A CIO is waging a campaign to cut office e-mail traffic by 25%.

By Mary K. Pratt
August 10, 2009 12:01 AM ET

Computerworld - CIO Tony Murabito surveys workers at his company every year, asking them about their experiences and expectations regarding the IT systems they use. The responses usually focus on technical issues, which is why last year's comments about e-mail shocked him.

"Let's blow up the Reply-to-All key!"

"Why can't people get to the *&!% point!"

"I am in the field all day selling and come home to 60 to 80 e-mails."

"There was just an overwhelming sense that there were no controls [on e-mail] in place," Murabito says.

CIOs are in the business of delivering technology, not curtailing its use. But after seeing those comments, Murabito decided to do just that. His goal for his company, Cubist Pharmaceuticals Inc. in Lexington, Mass., is to cut the number of e-mails by 25% by training employees how to better use one of the basic tools of the modern office.

This e-mail problem isn't unique to Cubist, says Dianna Booher, CEO of Booher Consultants Inc. in Grapevine, Texas, and author of E-Writing: 21st Century Tools for Effective Communication. "I hear a lot of complaining, and there's not a lot of people doing something about it," she says. "But I think people will have to do something, because it's blocking productivity."

E-mail Regimen

Hoping to cut both the volume of e-mail and the amount of time workers spend on it, Cubist Pharmaceuticals is doing the following:
  • Asking employees to put non-business-related messages, such as appeals to buy Girl Scout cookies, on the corporate intranet.
  • Limiting the ability to send messages to all employees to only those people who have a business need to do so.
  • Training workers to use the subject line to provide more detail and some direction, such as "for your action" or "for your information."
  • Reminding employees that they don't need to acknowledge every e-mail that they were cc'd on.
  • Encouraging people to stop sending e-mails that simply say something like "Thanks!"
  • Adopting the ABC format for e-mails: action, background and close.
  • Increasing the interval at which the system refreshes in-boxes from every two minutes to every half-hour, so people don't feel the need to constantly break away from their work to check their mail.
  • Routing certain e-mails, such as Google news alerts, to folders other than the in-box, so workers can check them when they have time rather than every time they appear.

Booher's surveys of clients have shown that 58% of workers spend up to three hours a day on e-mail. Though some of that e-mail time is undoubtedly related to getting their jobs done, she says, much of it is a waste because messages are either poorly written or have little or nothing to do with business.

To be clear, this isn't a spam problem. Workers at Cubist are complaining about the excessive amount of business-generated e-mails, Murabito says. They say they trudge through confusing and pointless messages because senders mindlessly hit "Reply to All" just to say something like "Thanks."

"It's a kind of internal spam.
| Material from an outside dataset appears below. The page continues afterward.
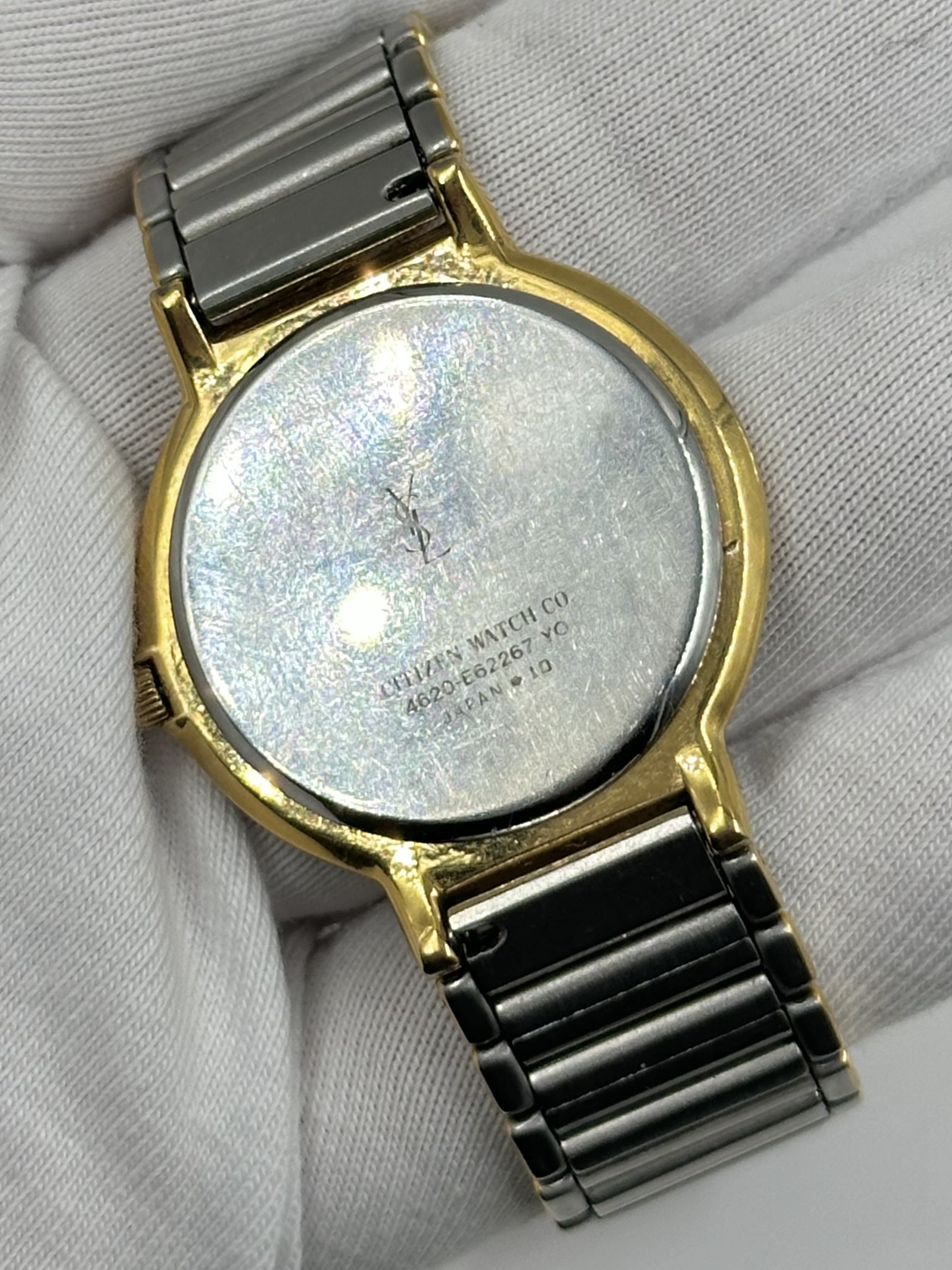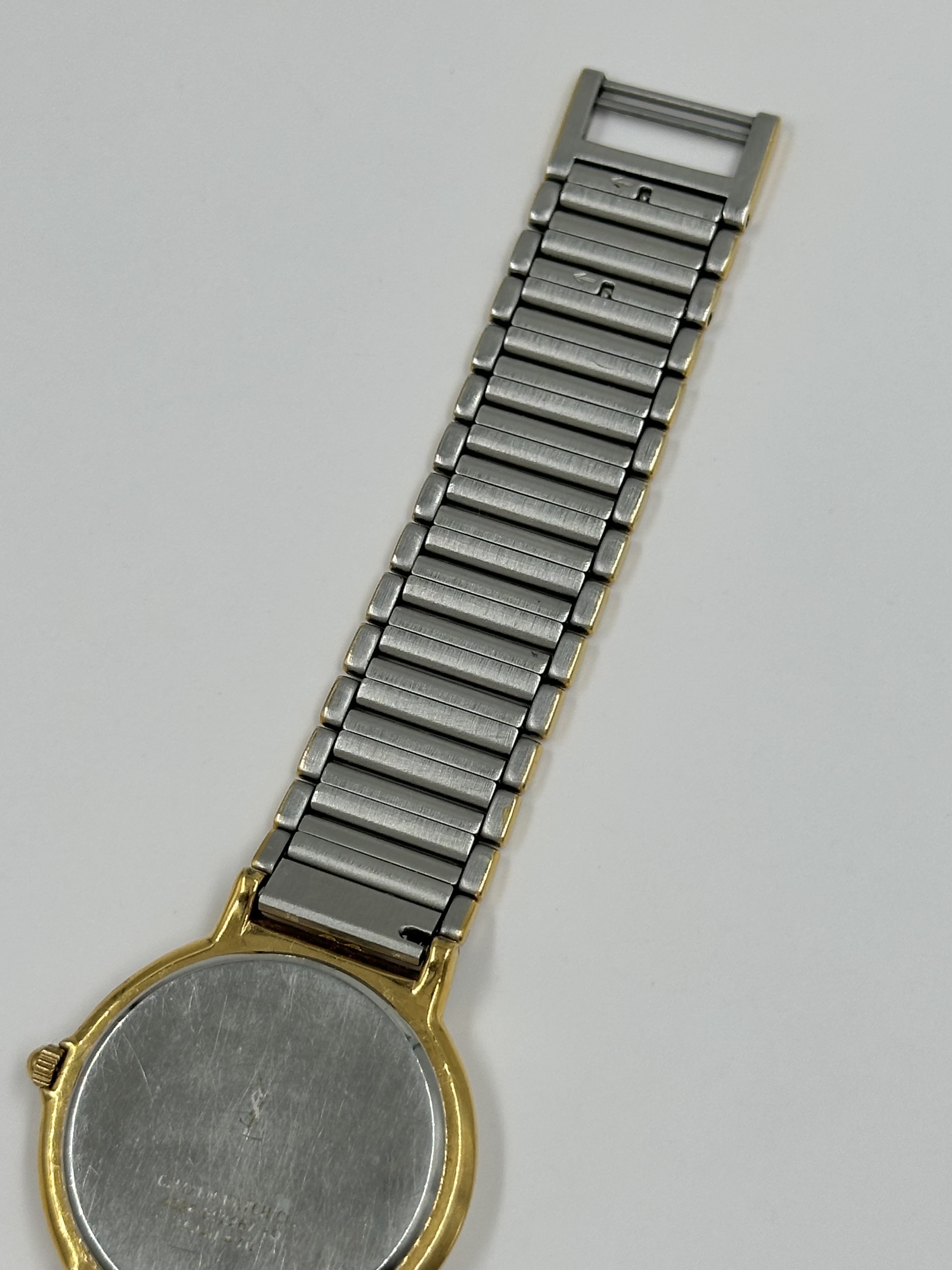Кварцевый механизм в рабочем состоянии. Стальной браслет на запястье до 17см, можно уменьшить в мастерской. На браслете присутствуют потертости позолоты, небольшие загрязнения под стеклом.

It's low-value, low-priority communication that clogs up in-boxes and creates a nonstop stream of interruptions," says Mike Song, lead author of The Hamster Revolution: How to Manage Your Email Before It Manages You, and CEO of Cohesive Knowledge Solutions Inc., an e-mail and meeting training company in Guilford, Conn.

Song says he's not surprised by the situation, because most employees don't receive any training on how to effectively use e-mail.

Big ROI

Murabito says his research showed that cutting e-mail communications could help each Cubist worker recover an estimated 15 to 20 days of lost productivity annually -- or 7,000 to 9,000 days every year for the whole organization.